◆ Work item:
In your copy, repeat the records exactly and leave out the pictures.

◆ Extracted records:
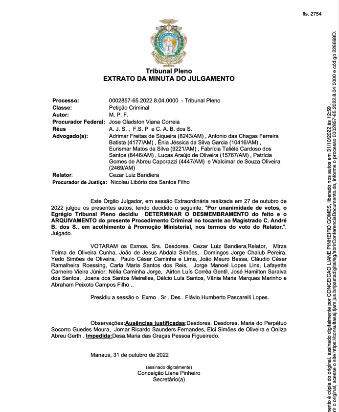 Amazonas – O juiz Cássio André Borges, do Tribunal de Justiça do Amazonas, não está envolvido no caso do desvio de recursos da Previdência de Rio Preto da Eva, conforme esclarecimento do pleno da corte. O tribunal determinou que ele não poderia ter sido denunciado pelo Ministério Público Federal ou pela primeira instância da Justiça Federal, pois o foro adequado para tal denúncia seria o Conselho Nacional de Justiça.
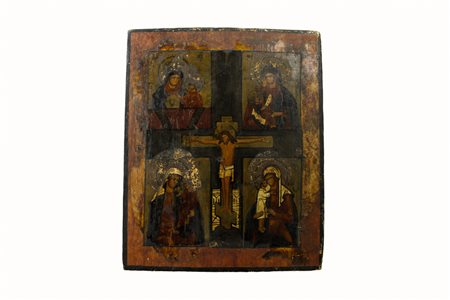 ICONA dipinta su legno raffigurante scene sacre manifattura Baltica XIX secolo h cm 31 x 25,5
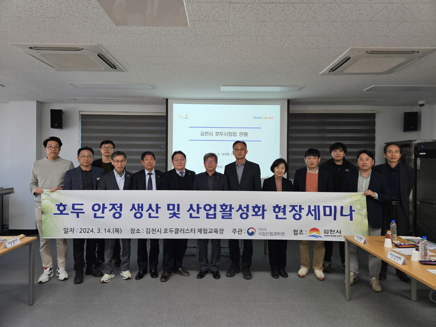 | 김천시는 3월 14일 대항면 향천리 호두 시험림에서 국립산림과학원, 김천시와 천안시 관계자가 참석한 가운데 호두 산업 활성화 세미나를 개최했다.
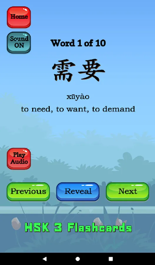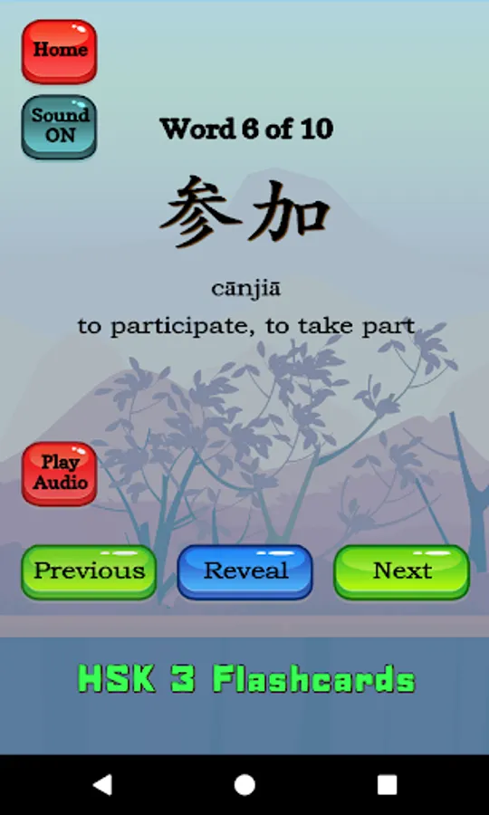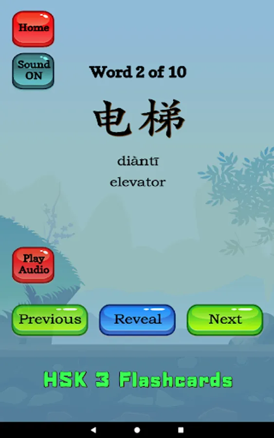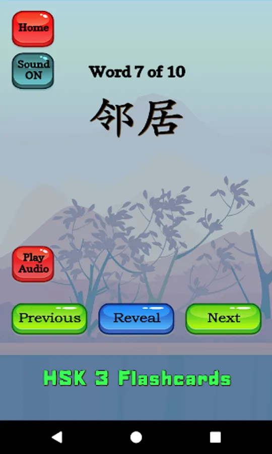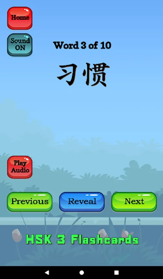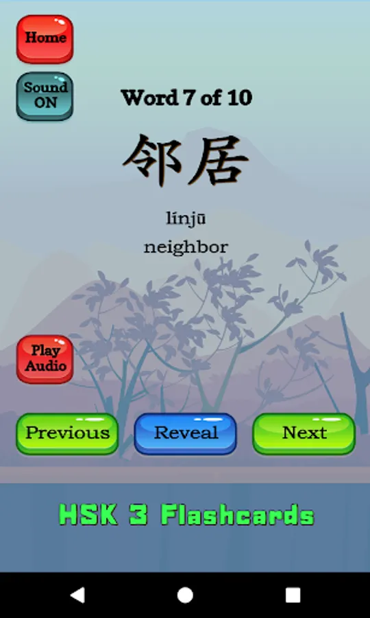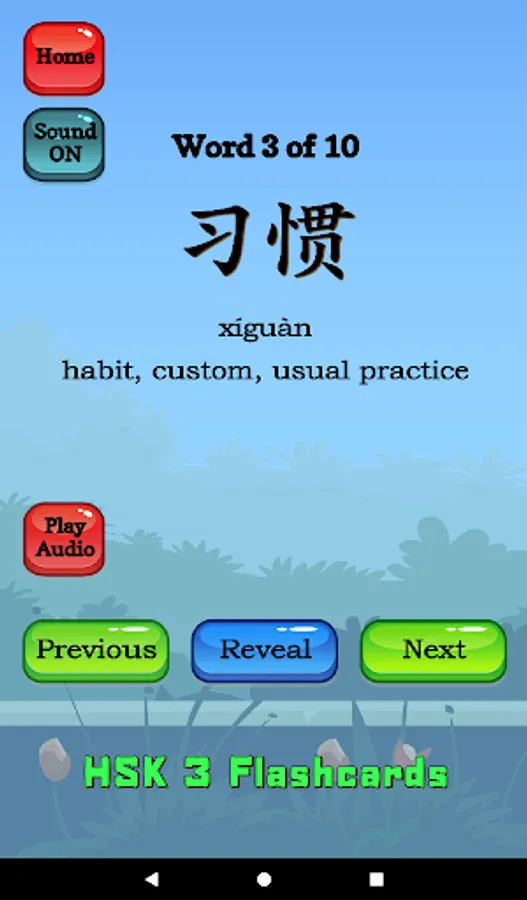 This learning Chinese app can be used in a couple of ways. Prior to flipping the card, try to really recall what the English and Pinyin are. If the answer is obvious, no need to waste time flipping the card. Simply tap next and proceed. In this way, you will develop the ability to blaze through all 300 words in under two minutes, which means you are now an HSK 3 master.
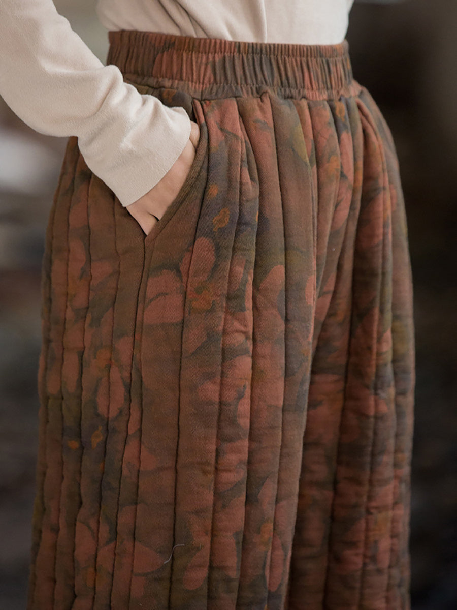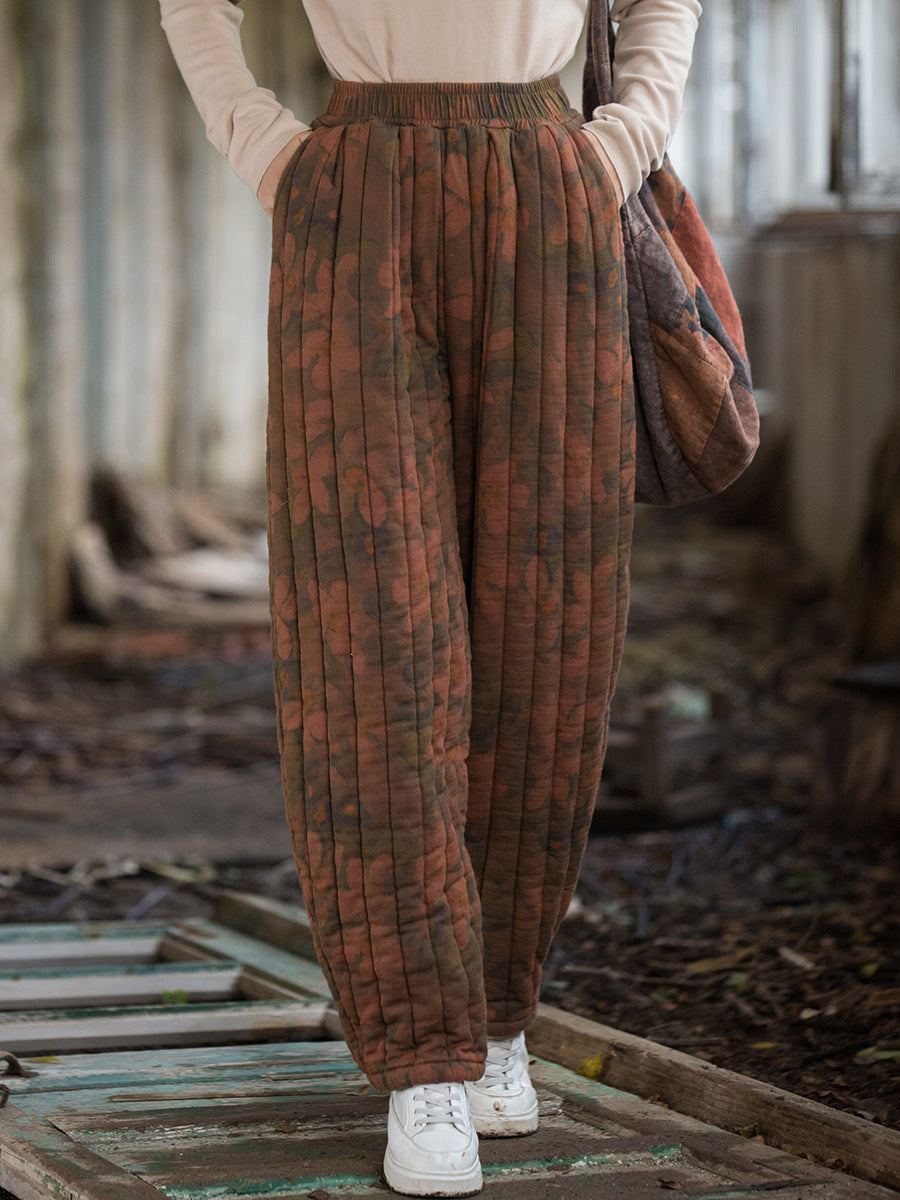 Women Winter Retro Flower Spliced Padded Cotton Harem Pants WU014

◆ Answer space:
 Amazonas – O juiz Cássio André Borges, do Tribunal de Justiça do Amazonas, não está envolvido no caso do desvio de recursos da Previdência de Rio Preto da Eva, conforme esclarecimento do pleno da corte. O tribunal determinou que ele não poderia ter sido denunciado pelo Ministério Público Federal ou pela primeira instância da Justiça Federal, pois o foro adequado para tal denúncia seria o Conselho Nacional de Justiça.
 ICONA dipinta su legno raffigurante scene sacre manifattura Baltica XIX secolo h cm 31 x 25,5
 | 김천시는 3월 14일 대항면 향천리 호두 시험림에서 국립산림과학원, 김천시와 천안시 관계자가 참석한 가운데 호두 산업 활성화 세미나를 개최했다.
 This learning Chinese app can be used in a couple of ways. Prior to flipping the card, try to really recall what the English and Pinyin are. If the answer is obvious, no need to waste time flipping the card. Simply tap next and proceed. In this way, you will develop the ability to blaze through all 300 words in under two minutes, which means you are now an HSK 3 master.
 Women Winter Retro Flower Spliced Padded Cotton Harem Pants WU014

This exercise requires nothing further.